Then there is another way of looking at it: There is now a mind (the one that this will for chukim is dismissing) that exists in such a way that its understanding and comprehension is the opposite of this will—to the point that it is necessary to dismiss it and say that you do not have permission to deliberate over this. There is now a place where, so to speak, G‑d does not belong—namely, your mind. This is similar to the idea that engraving creates a hollow that is the opposite of the stone.
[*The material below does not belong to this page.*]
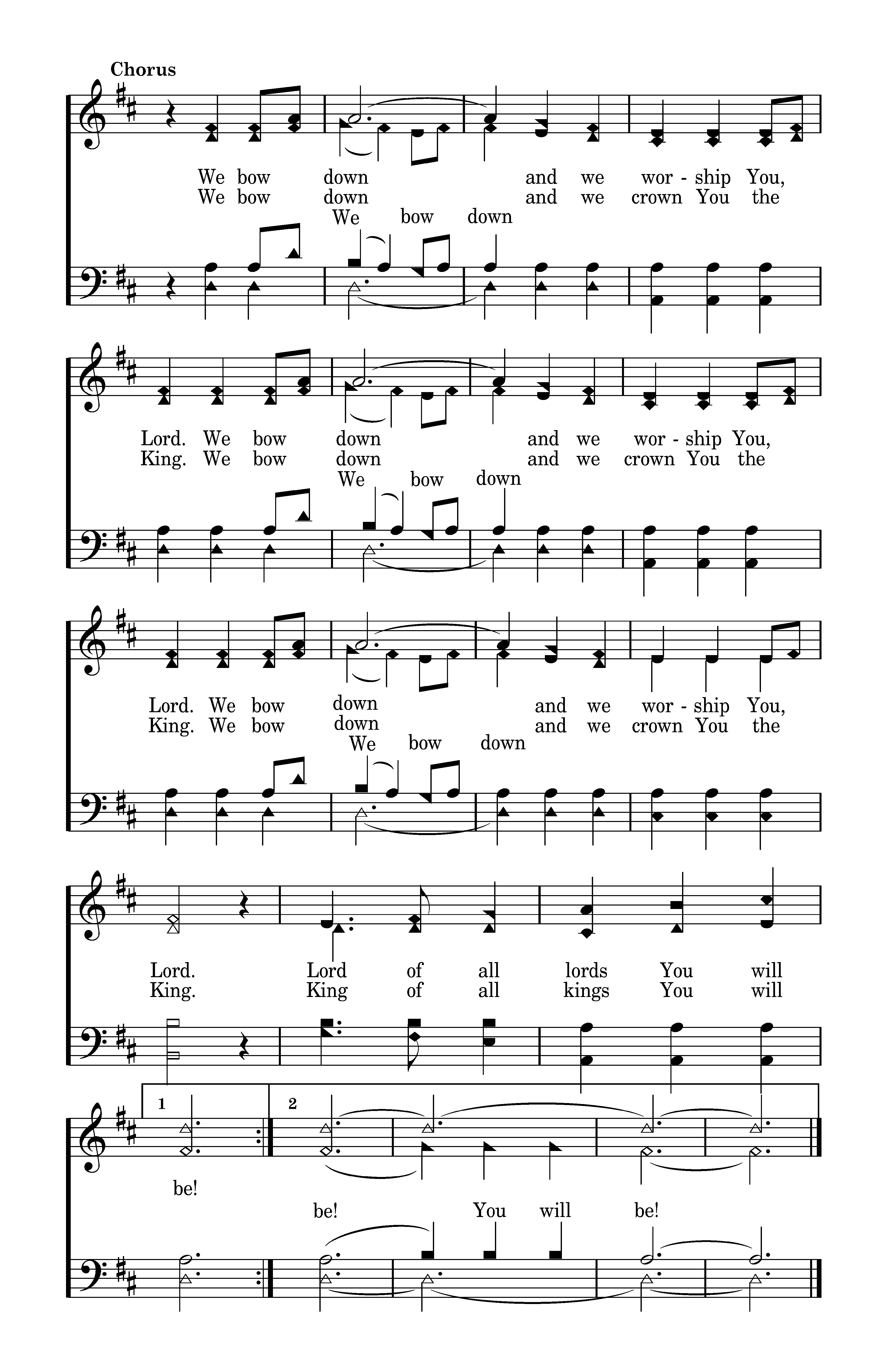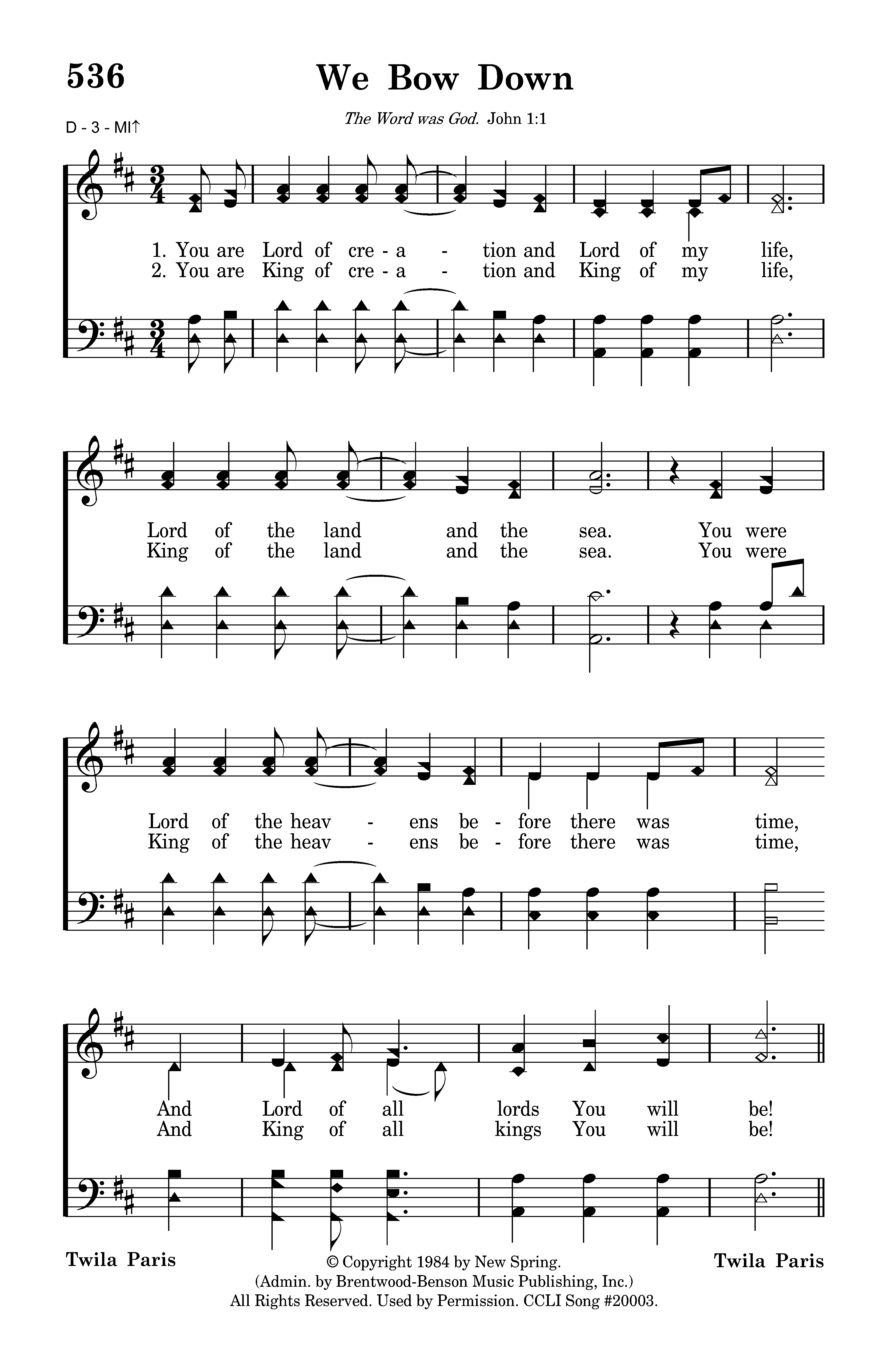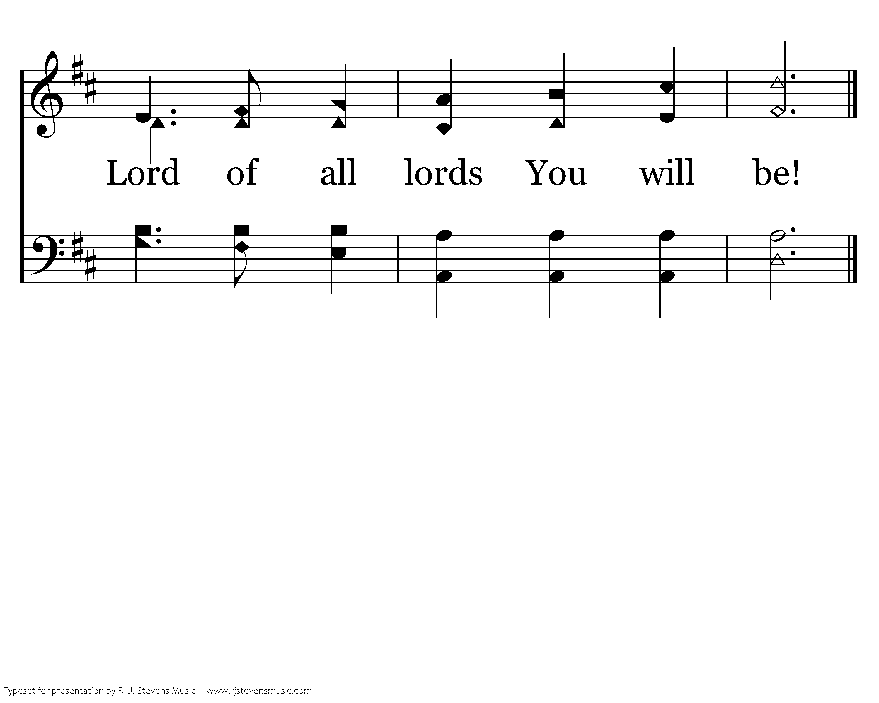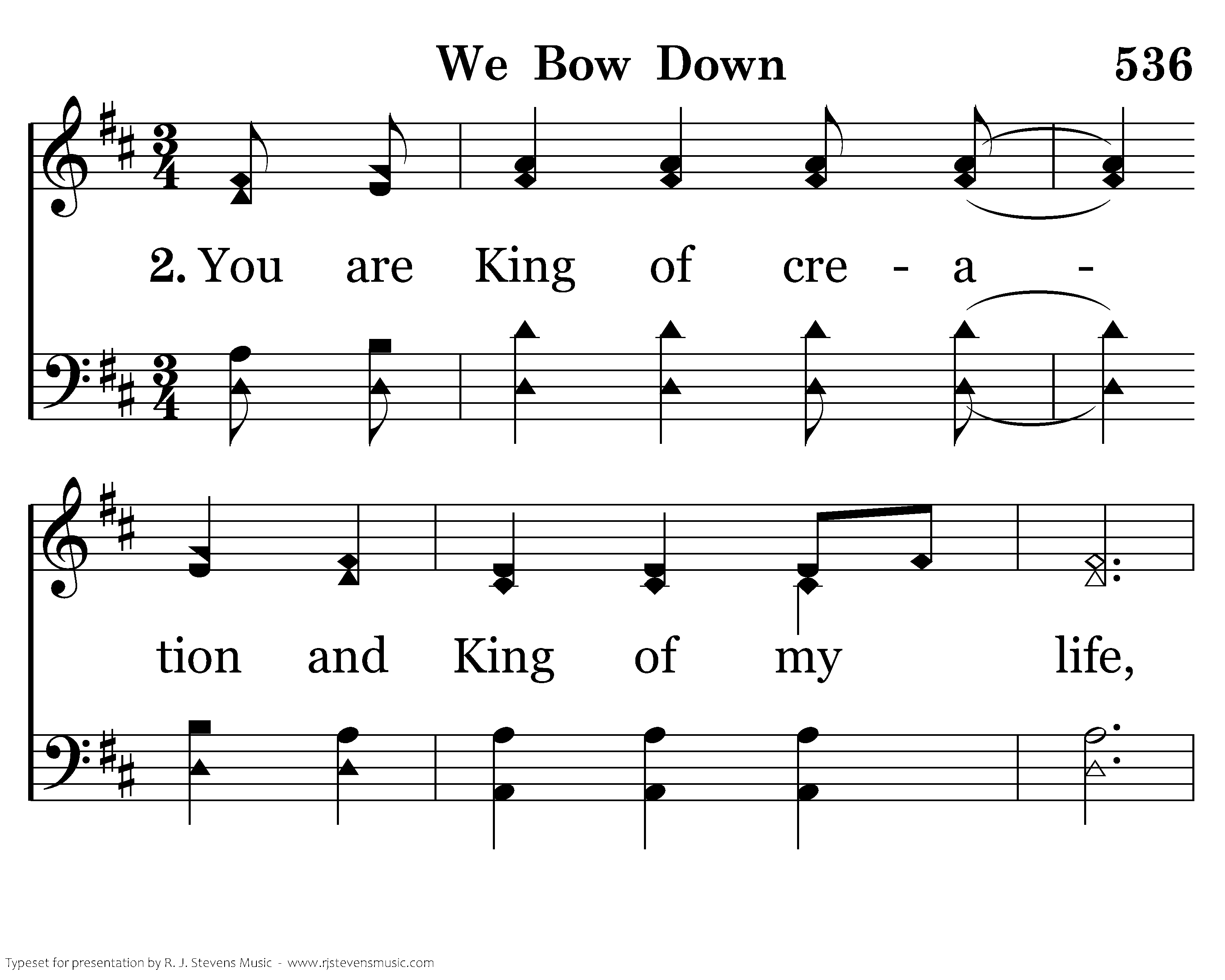 You are Lord of creation and Lord of my life, Lord of the land and the sea. You were Lord of the Heavens before there was time, And Lord of all lords You will be! We bow down and we worship You, Lord. We bow down and we worship You, Lord. We bow down and we worship You, Lord. Lord of all lords You will be! We bow down and we crown You the King. We bow down and we crown You the King. We bow down and we crown You the King. King of all kings You will be!

Accordingly, we have a better understanding of the advantage of eidot over chukim: Chukim are the divine will for mitzvot in a posture of descent, negating something (namely intellect) that is its opposite. Eidot, on the other hand, are the will for mitzvot as they exist within His quintessential being. Therefore, nothing need be negated.

Chukim and Transcendence

?
Engraving Intrinsic Compromised
Chukim Effect bittul Create negative space

6. Applied

We’ve discussed the distinction between eidot on the one hand, and chukim and mishpatim on the other in cosmic terms: Chukim and mishpatim deal with the forms of light that exist in relationship to the cosmos—mishpatim with the light that is invested within the created worlds (memallei), and chukim with the light that transcends investment (sovev). Eidot are related to the essential Infinite Light that entirely transcends any relationship with the cosmos.

Now we can apply this same scheme to our personal mission in life to serve G‑d:

Chukim and mishpatim lie within the realm of human intellect (at least, that level of the soul that relates to intellect). In other words, contemplation.

The distinction is only in the form of contemplation: With mishpatim, the contemplation is on the reasons for mitzvot. This includes the contemplation that even the mitzvot that are chukim have reasons, only that the reasons for these mitzvot remain G‑d’s own wisdom. They don’t extend from there to the intellect of created beings.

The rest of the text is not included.